2. Context is established by summarising the chapter so far (it defined access rules for protected members). Additionally a name for a "class C" is introduced: Our code is supposed to reside inside a member or friend function of C, i.e. has C's access rights.

   As described earlier, access to a protected member is granted because the reference occurs in a friend or member of some class C.

   "Class C" is also class C in the example below.

3. Only now the actual check is defined. The first part deals with pointers to members, which we ignore here. The second part concerns your everyday accessing a member of an object, which logically "involve a (possibly implicit) object expression".
   It's just the last sentence which describes the "additional check" this whole section was for:

   In this case, the class of the object expression [through which the member is accessed -pas] shall be C or a class derived from C.

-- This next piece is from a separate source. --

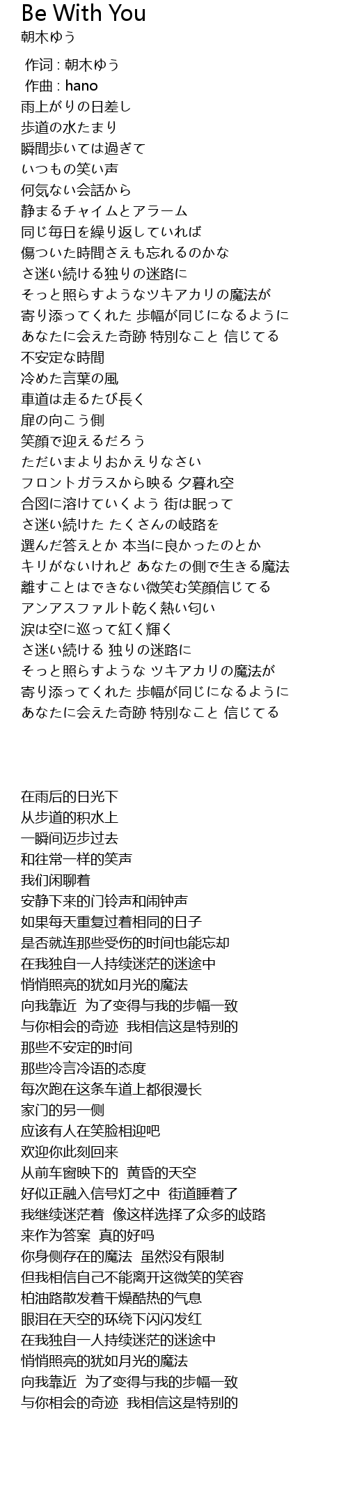 作词 : 朝木ゆう |

   The "object expression" can be things like a variable, a return value of a function, or a dereferenced pointer. The "class of the object expression" is a compile time property, not a run time property; access through one and the same object may be denied or granted depending on the type of the expression used to access the member.

This code snippet demonstrates that.

class B { protected: int b; };

class C: public B 
{
    void f()
    {
        // Ok. The expression of *this is C (C has an
        // inherited member b which is accessible 
        // because it is not declared private in its
        // naming class B).
        this->b = 1;    

        B *pb = this;

        // Not ok -- the compile time 
        // type of the expression *pb is B.
        // It is not "C or a class derived from C"
        // as mandated by 11.4 in the 2011 standard.
        pb->b = 1;
    }
};

---

I initially wondered about this rule and assume the following rationale:

The issue at hand is data ownership and authority.

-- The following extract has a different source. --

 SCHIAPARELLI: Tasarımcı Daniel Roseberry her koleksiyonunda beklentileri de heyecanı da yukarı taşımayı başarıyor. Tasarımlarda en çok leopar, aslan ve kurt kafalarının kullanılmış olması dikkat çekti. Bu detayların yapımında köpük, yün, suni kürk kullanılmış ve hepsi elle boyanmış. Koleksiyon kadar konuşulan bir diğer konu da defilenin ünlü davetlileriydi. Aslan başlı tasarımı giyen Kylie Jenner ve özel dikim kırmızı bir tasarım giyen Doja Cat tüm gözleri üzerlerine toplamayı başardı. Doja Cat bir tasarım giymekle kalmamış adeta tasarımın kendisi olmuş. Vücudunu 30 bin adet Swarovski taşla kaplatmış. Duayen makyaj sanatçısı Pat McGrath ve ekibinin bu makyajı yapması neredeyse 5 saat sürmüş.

Without code inside B explicitly providing access (by making C a friend or by something like Alf's static accessor) no other classes except those who "own" the data are allowed to access it. This prevents gaining illicit access to the protected members of a class by simply defining a sibling and modifying objects of the original derived class through the new and before unknown sibling. Stroustrup speaks of "subtle errors" in this context in the TCPPL.

While it would be safe to access (different) objects of the original base class from a derived class' code, the rule is simply concerned with expressions (a compile time property) and not objects (a run time property). While static code analysis may show that an expression of some type Base actually never refers to a sibling, this is not even attempted, similar to the rules concerning aliasing. (Maybe that is what Alf meant in his post.)

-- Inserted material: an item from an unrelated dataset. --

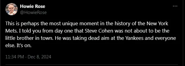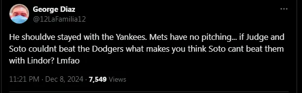 Some fans attributed his decision to frustration with his teammates’ errors during the Yankees’ 2024 World Series loss to the Dodgers. Others warned that the Mets’ pitching staff isn’t as strong as the Yankees’.

I imagine the underlying design principle is the following: Guaranteeing ownership and authority over data gives a class the guarantee that it can maintain invariants related to the data ("after changing protected a always also change b"). Providing the possibility to change a protected property from by a sibling may break the invariant -- a sibling does not know the details of its sibling's implementation choices (which may have been written in a galaxy far, far away). A simple example would be a Tetragon base class with protected width and height data members plus trivial public virtual accessors. Two siblings derive from it, Parallelogram and Square. Square's accessors are overridden to always also set the other dimension in order to preserve a square's invariant of equally long sides, or they only just use one of the two. Now if a Parallelogram could set a Square's width or height directly through a Tertragon reference they would break that invariant.